The whole listing, pictures aside, should be reproduced exactly.
==== The data ====
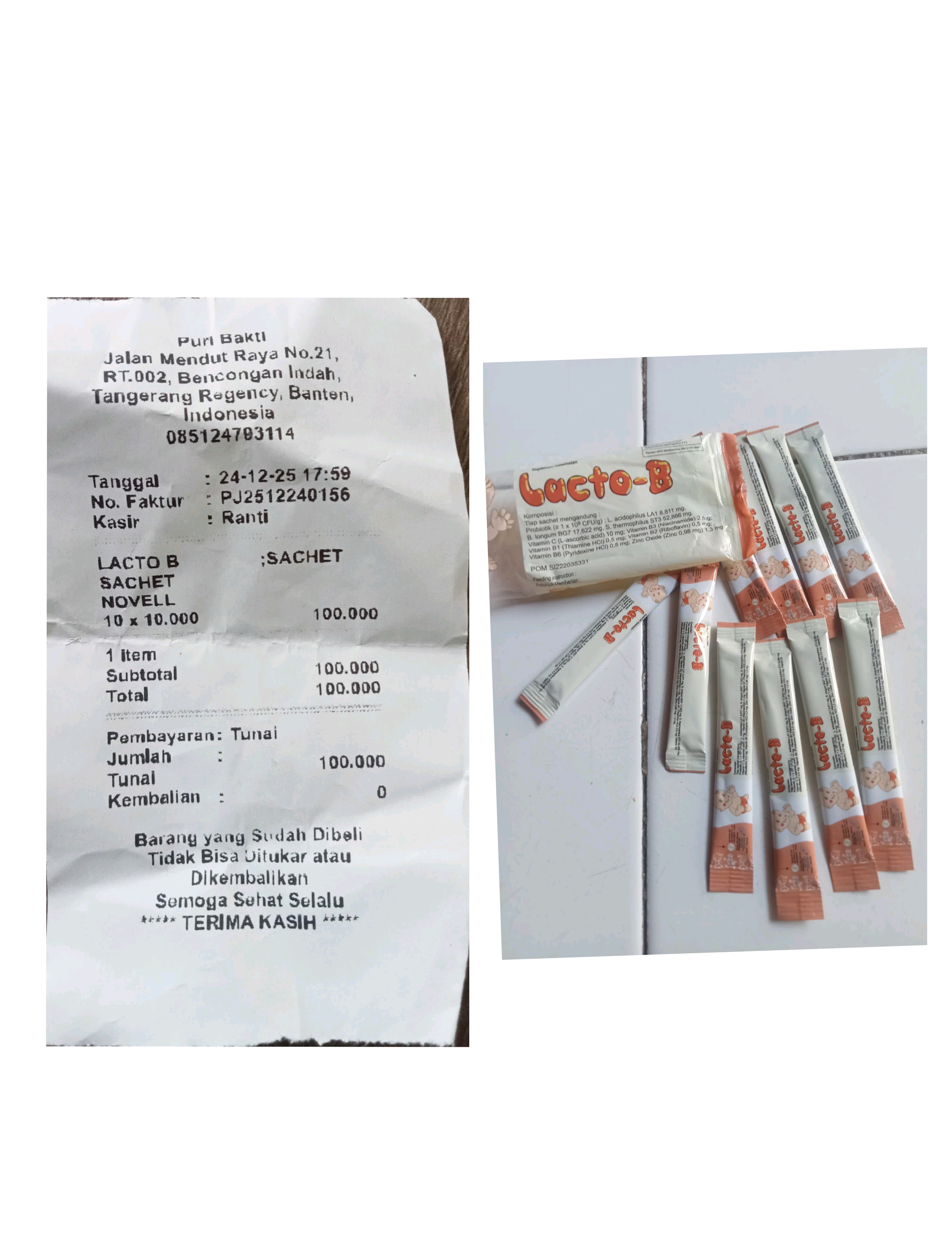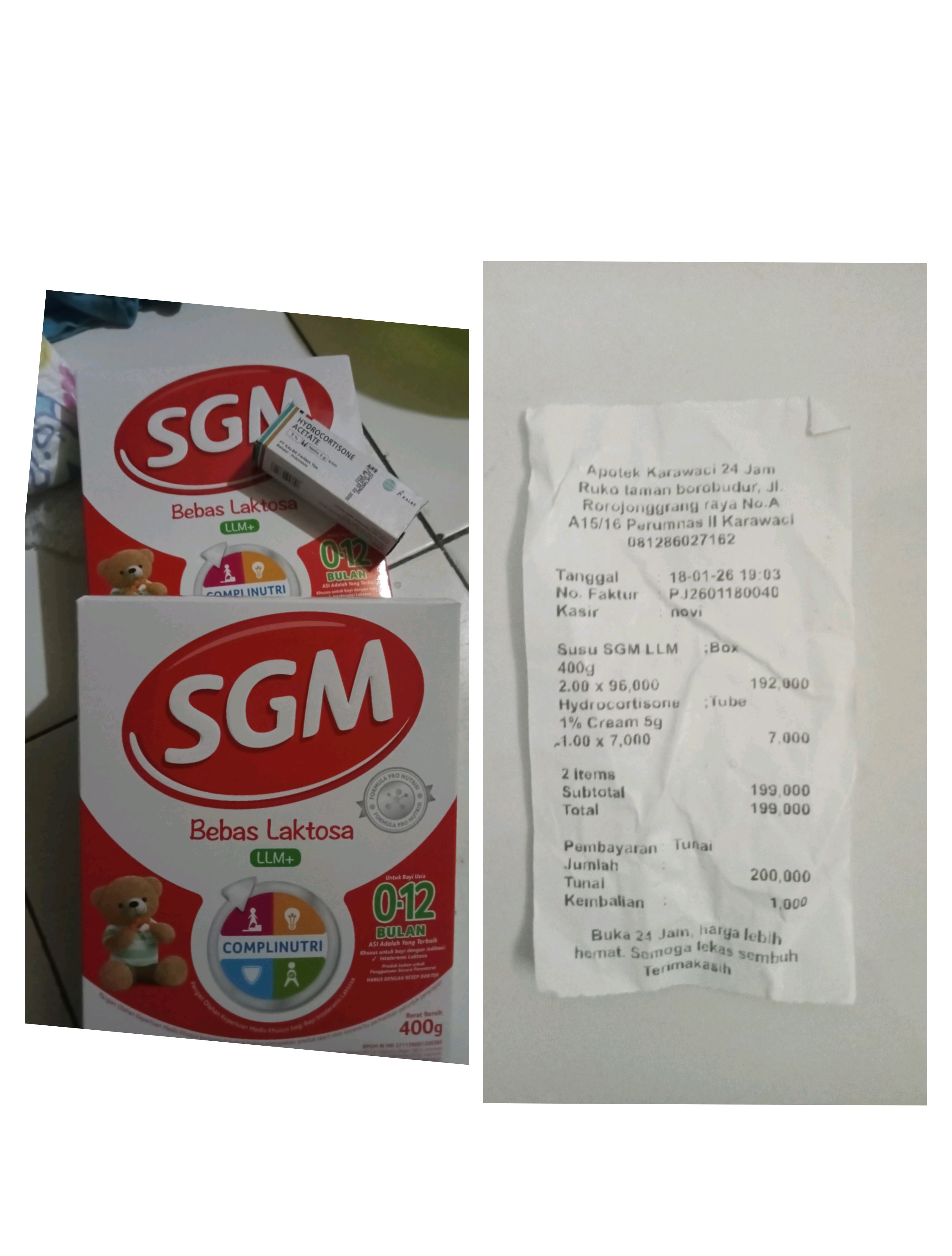 Dana digunakan untuk 1. Pampers meries Rp72.000 x 8 Rp576.000 2. Susu sgm 1+ Rp85.000 x 8= Rp680.000 3. Lacto b Rp10.000 x10 = Rp100.000 4. Reimburse susu 400grm Rp43.0002025-12-26 13:14:00
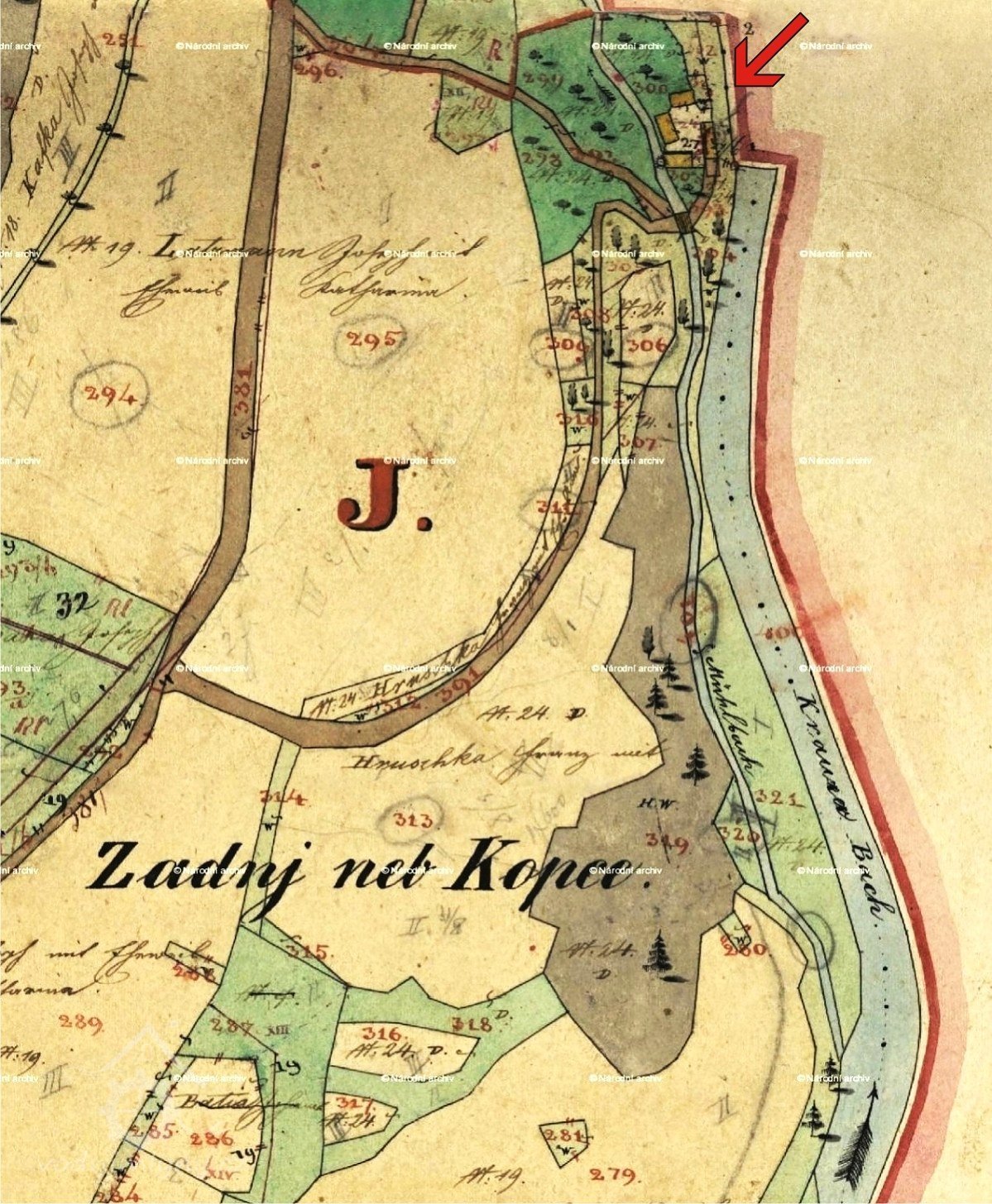 V roce 1930 je zde uváděn v seznamu vodních děl mlynář Josef Junek, mlýn.
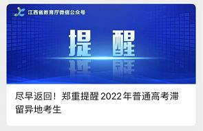 5月16日,江西省教育考试院发布郑重提醒,目前仍滞留在省外及省内非考试当地的考生,尽早返回考试当地并积极做好防疫护考。
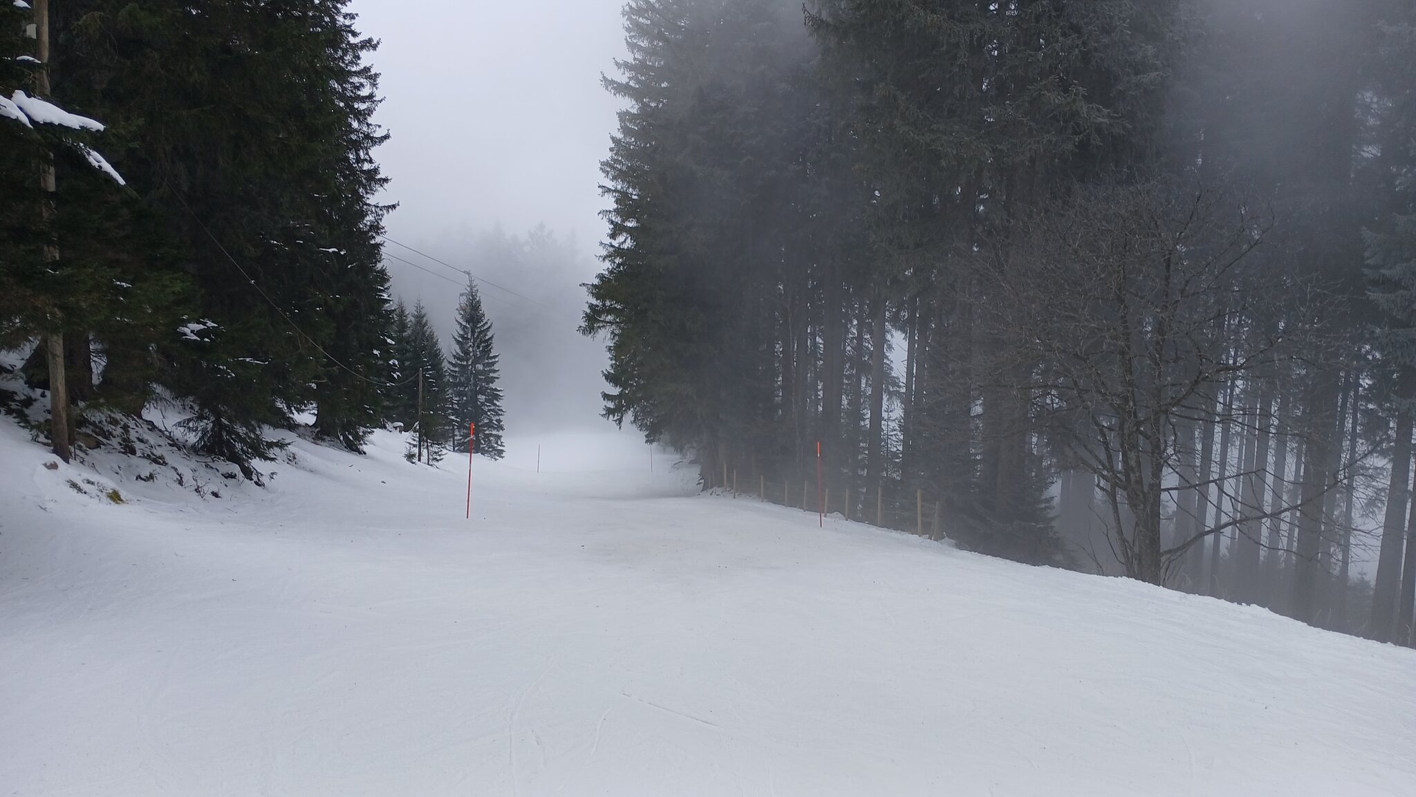 Die Kühgrund-Abfahrt war - mit Ausnahme der Geländekuppen - sehr gut in Schuss und sehr griffig. Im Flachland hielt sich der Nebel ganztägig
====
▸ Solved exercise
 Dana digunakan untuk 1. Pampers meries Rp72.000 x 8 Rp576.000 2. Susu sgm 1+ Rp85.000 x 8= Rp680.000 3. Lacto b Rp10.000 x10 = Rp100.000 4. Reimburse susu 400grm Rp43.0002025-12-26 13:14:00
 V roce 1930 je zde uváděn v seznamu vodních děl mlynář Josef Junek, mlýn.
 5月16日,江西省教育考试院发布郑重提醒,目前仍滞留在省外及省内非考试当地的考生,尽早返回考试当地并积极做好防疫护考。
 Die Kühgrund-Abfahrt war - mit Ausnahme der Geländekuppen - sehr gut in Schuss und sehr griffig. Im Flachland hielt sich der Nebel ganztägig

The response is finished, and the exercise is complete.